Her ekonomik krizden önce aşırı iyimserliğin egemen olduğu bir dönem yaşanır. Kapitalist sistemin geçmişte yaşanan şokları soğuracak yöntemler geliştirdiği, konjonktürel dalgalanmaları yumuşatacak mekanizmalar keşfedildiği, zaten ortada ciddi bir sorun olsa bunun piyasa göstergelerine yansıyacağı söylenir. “Bu kez farklı” kanaati yaygınlaşır… Derken kapitalizmin krizlere açık doğası hükmünü icra eder, beklenmedik bir anda kriz patlak verir. Geçmiştekilere benzer bir kriz senaryosu yaşanmaya başlar…

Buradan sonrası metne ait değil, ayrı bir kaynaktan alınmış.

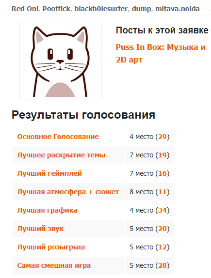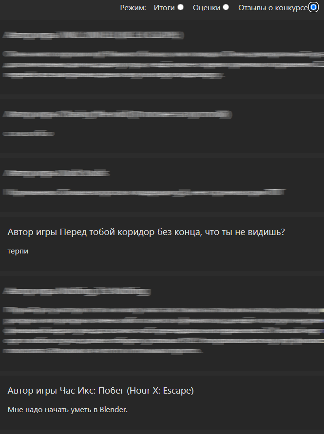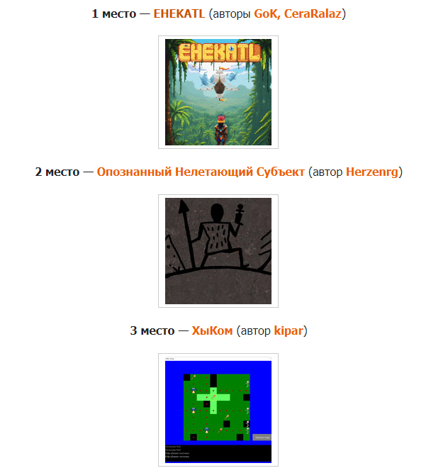 Поздравляю Коридор с первым местом, несмотря на то что игра сделана "по рецепту", она действительно заслуживает призового места. Немного непонятно почему в списке призёров нет Heartless Killer'а, охуенная игра с тонной вложеных усилий, зато там откуда-то взялся пиксельный три-в-ряд, впрочем, как уж проголосовали. Ещё хочу сказать что у Bellydog классная красочная задумка, оригинальная механика и приятный свежий сеттинг, жду ещё твоих игор. А ещё спасибо всем кто поиграл в мою "деревню", знаю, недоделка, за две недели в полноценную игру её не превратить, но многие отметили что есть потанцевал и это хорошо.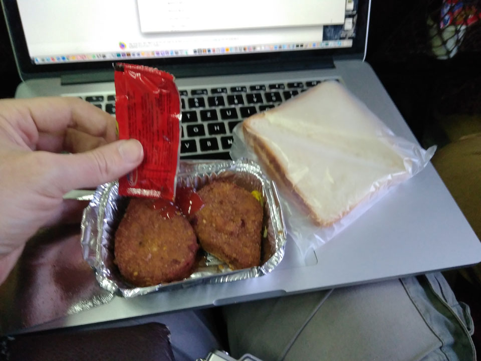 Zum Glück gab’s etwas Essen – geliefert von der indischen Eisenbahn. Ich war recht guter Dinge mit Internet und dem vergleichsweise schnellen Zug.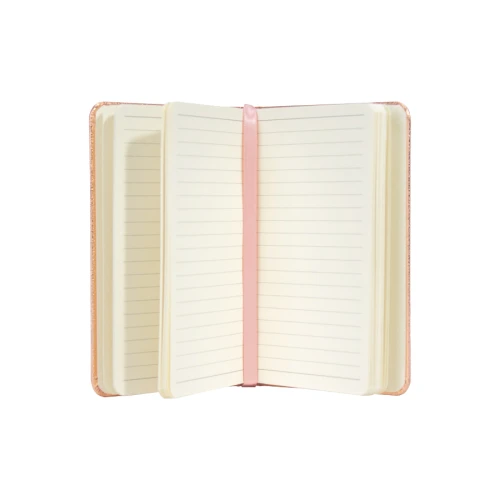 Libreta tamaño A6, con cubierta de cartón piedra forrada en PU color cobre de 1.5mm de espesor, interior 80 hojas amarillas lineadas de 80 gsm. Incluye banda elástica y huincha separador de hojas al tono. Presentación individual en bolsa de polipropileno translúcido.

Gelgelelim bu kez durum gerçekten farklı. Ne ortalıkta finansal bir çalkantı vardı, ne jeopolitik gerilimler sonucu ani bir cephe savaşı gündeme gelmişti, ne de ticaret savaşları krizi tetiklemişti. Çin’in Wuhan eyaletinde ortaya çıkan koronavirüsün hızla yerküreye yayılması sonucu birdenbire ani bir panik yaşanmaya başlandı.

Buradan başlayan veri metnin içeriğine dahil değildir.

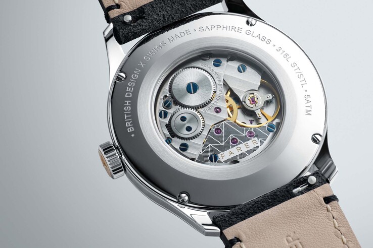 在 Lissom 的背面是 瑞士制造的La Joux-Perret D100 手动上链机芯,机芯顶部为双层防反光蓝宝石水晶玻璃表镜。瑞士制造的 La Joux-Perret D100 机芯频率为 3 赫兹,镶有 18 颗宝石,提供长达 50 小时的动力储备。此外,这款时计还具有 50 米(5 ATM)防水性能。 防水性能.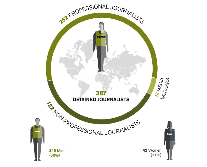 Así lo dio a conocer este lunes la organización, que alertó de que la cifra global de periodistas presos en el mundo se mantiene en máximos históricos.

Daha önce hiç yaşamadığımız, kimse tarafından tahmin edilmediği için üzerinde düşünmediğimiz, hâlâ sonuçlarını öngörmekte güçlük çektiğimiz bir durumla karşı karşıyayız. Tarihteki veba, İspanyol gribi benzeri salgın örnekleri de, üretimin farklı aşamalarının “tedarik zincirleri” üzerinden değişik coğrafyalarda gerçekleştiği, insan hareketlerinin bu denli hızlı seyrettiği bir döneme denk gelmediği için emsal oluşturmuyor.
Ancak bu kısıtlar, ilk aşamalarını da gözlemleme olanağı bulduktan sonra, içinden geçtiğimiz çalkantılı süreci el yordamıyla da olsa ekonomi merceğinden değerlendirmemize engel değil.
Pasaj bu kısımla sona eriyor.